TASK OBJECTIVE
Although the entries contain pictures, copy only their text, exactly as written.

START RECORDS PROVIDED

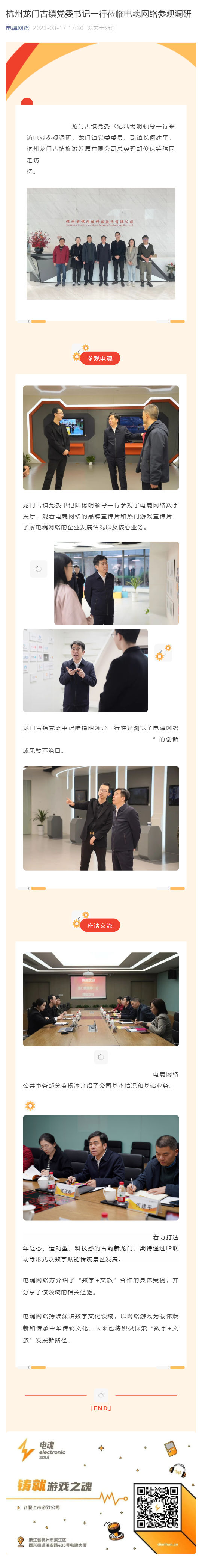 杭州龍門(mén)古鎮(zhèn)黨委書(shū)記一行蒞臨電魂網(wǎng)絡(luò)參觀調(diào)研
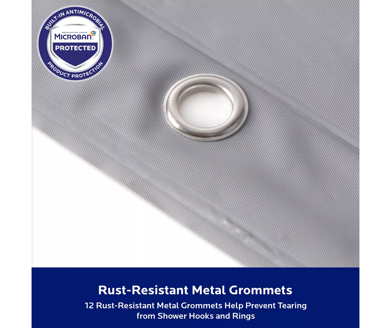The Kenney® medium-weight PEVA shower liner with Microban® antimicrobial technology inhibits the growth and reproduction of odor-causing bacteria, mold and mildew and provides enhanced product protection from microbes. This shower liner is made to fit most standard tubs and is crafted from sturdy PEVA topped by 12 rust-resistant metal grommets. A weighted hem helps keep the liner in place and reduces billowing.
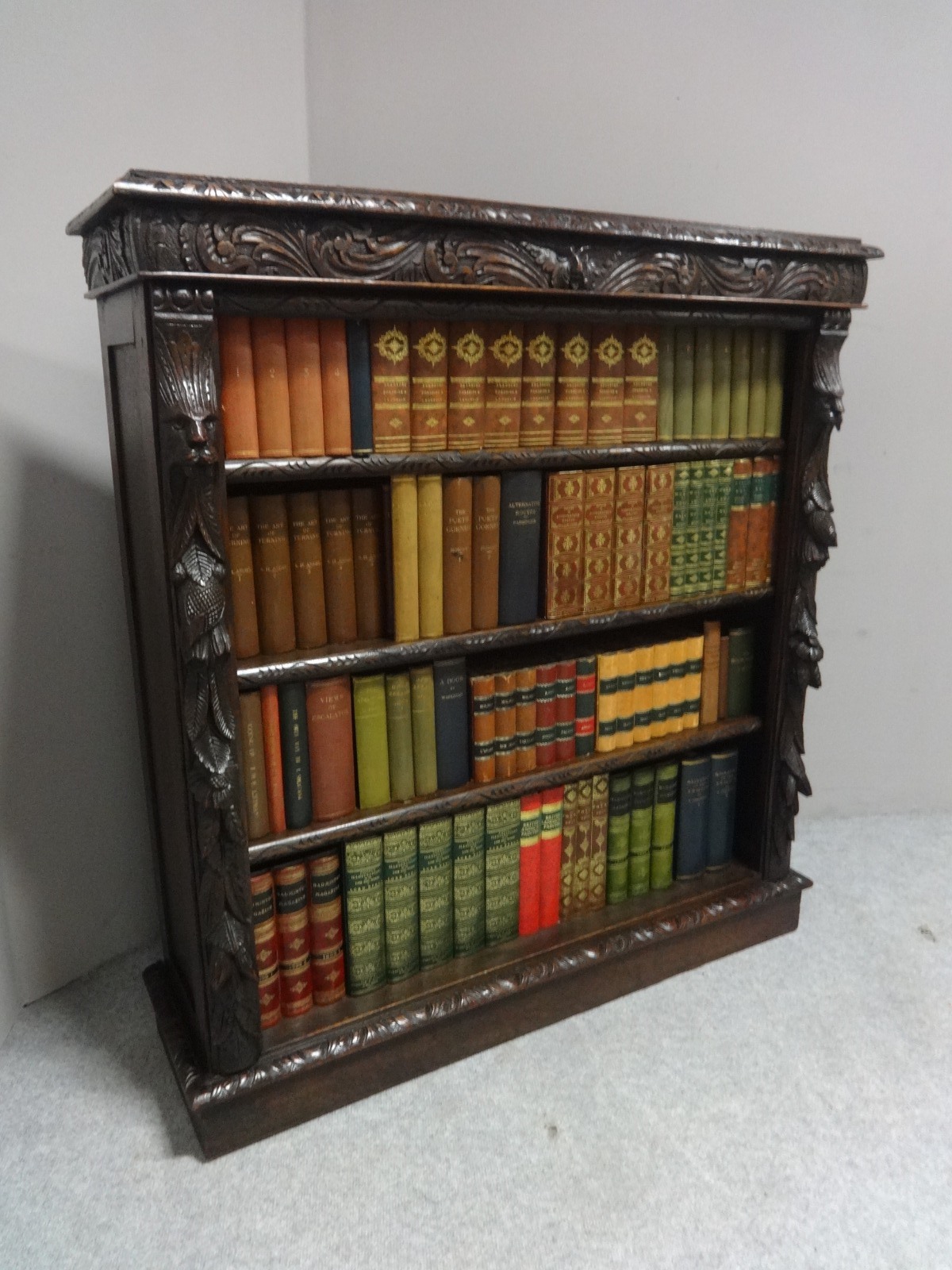 Very good carved oak green man adjustable bookcase in excellent overall condition.
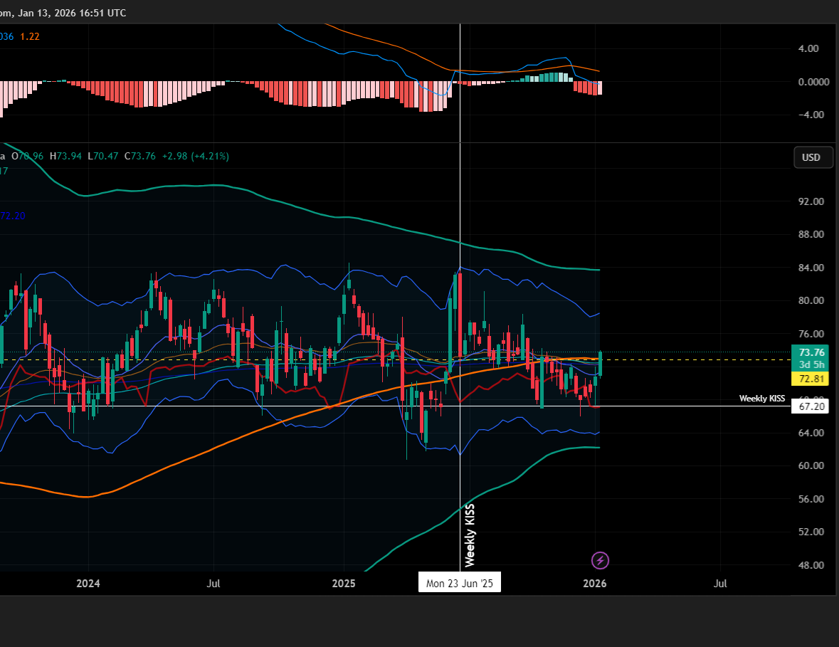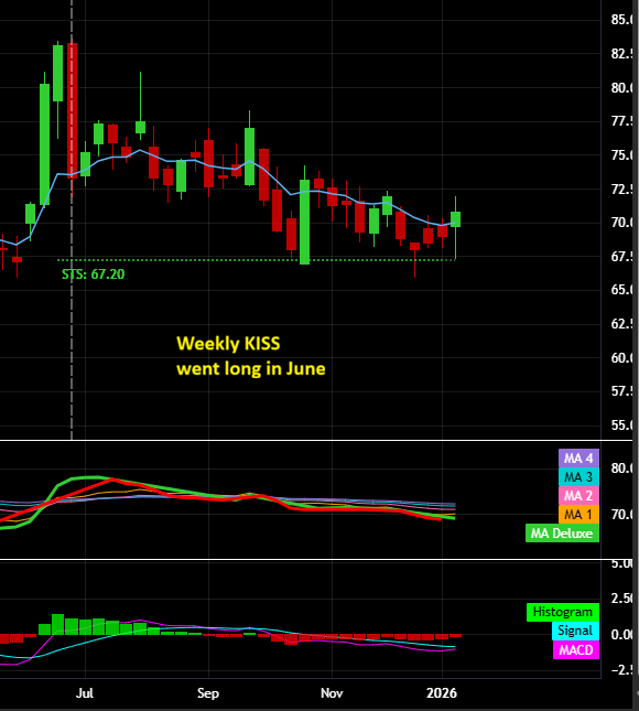 USO - Oil is breaking out this week but notice that it never made a Weekly close below the Weekly KISS STS established in June 2025. This is an example of how the Weekly KISS can keep you on the right side of the weekly trend.
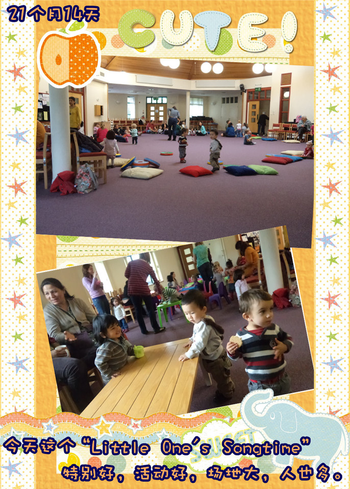 Songtime”(宝宝唱歌时间)。这个活动举办得特别好,场地很大,去的大人孩子很多,大家席地而坐,围成一大圈,礼堂里用大音箱放着儿童歌曲,宝宝和家长们跟着唱,小朋友们在中间跳哇、笑哇……唱大概半个小时,喝茶吃点心,小朋友们围坐一长桌,吃吃喝喝,大人们坐在周围喝茶聊天。1镑(人民币10元)一次。

END RECORDS PROVIDED

RESULT OF THE TASK
 杭州龍門(mén)古鎮(zhèn)黨委書(shū)記一行蒞臨電魂網(wǎng)絡(luò)參觀調(diào)研
The Kenney® medium-weight PEVA shower liner with Microban® antimicrobial technology inhibits the growth and reproduction of odor-causing bacteria, mold and mildew and provides enhanced product protection from microbes. This shower liner is made to fit most standard tubs and is crafted from sturdy PEVA topped by 12 rust-resistant metal grommets. A weighted hem helps keep the liner in place and reduces billowing.
 Very good carved oak green man adjustable bookcase in excellent overall condition.
 USO - Oil is breaking out this week but notice that it never made a Weekly close below the Weekly KISS STS established in June 2025. This is an example of how the Weekly KISS can keep you on the right side of the weekly trend.
 Songtime”(宝宝唱歌时间)。这个活动举办得特别好,场地很大,去的大人孩子很多,大家席地而坐,围成一大圈,礼堂里用大音箱放着儿童歌曲,宝宝和家长们跟着唱,小朋友们在中间跳哇、笑哇……唱大概半个小时,喝茶吃点心,小朋友们围坐一长桌,吃吃喝喝,大人们坐在周围喝茶聊天。1镑(人民币10元)一次。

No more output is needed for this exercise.